Figure 8. Immune infiltration analysis. (A) The lollipop plot of the correlation between the risk score and immune infiltration. (B) The heatmap of the correlations between different immune cells. (C) The heatmap of the immune infiltration in high and low-risk groups. (D) The boxplot of the immune infiltration in high and low-risk groups. *P < 0.05, **P < 0.01, ***P < 0.001. ****P < 0.0001; ns, no significance.

Discussion

The pathogenesis of DCM remains unclear, resulting in non-specific treatments. Mechanical circulatory support and cardiac transplantation could probably prolong survival and reduce hospitalization in adults and children (19, 20). Hence, identifying potential genes and mechanisms of DCM is crucial for exploring new therapies and improving prognosis.

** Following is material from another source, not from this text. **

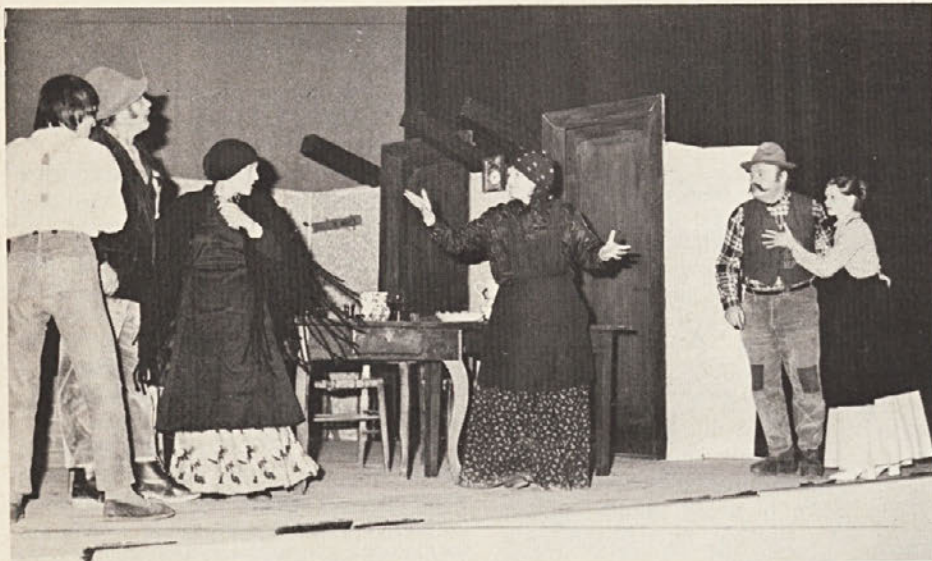
Prizor iz Predanove ljudske igre "Beneška ojcet"

In our study, there were two modules that had high correlations with DCM, including the purple and the magenta module, which consists of 221 and 262 genes, respectively. GO terms about extracellular matrix (ECM) and focal adhesion were mainly enriched in the purple module. The maladaptive remodeling of ECM usually contributes to heart failure, including abnormal ECM degradation and immoderate ECM deposition. Then, the systolic and diastolic function of the heart would be impaired by these alterations (21). Similarly, the ECM-receptor interaction was also a significant term in KEGG pathways. The ECM cues were transmitted to intracellular signaling pathways by integrin, which can regulate cell apoptosis and movement. The reduction of integrin leads to ventricular dilatation and failure (22). It should be noted that the decrease of focal adhesion kinase (FAK) influences the intact function of integrin in DCM (23). Therefore, the genes in the “focal adhesion” pathway also play an essential role in the pathogenesis of DCM. Consequently, pathways related to the extracellular matrix may become potential intervention targets.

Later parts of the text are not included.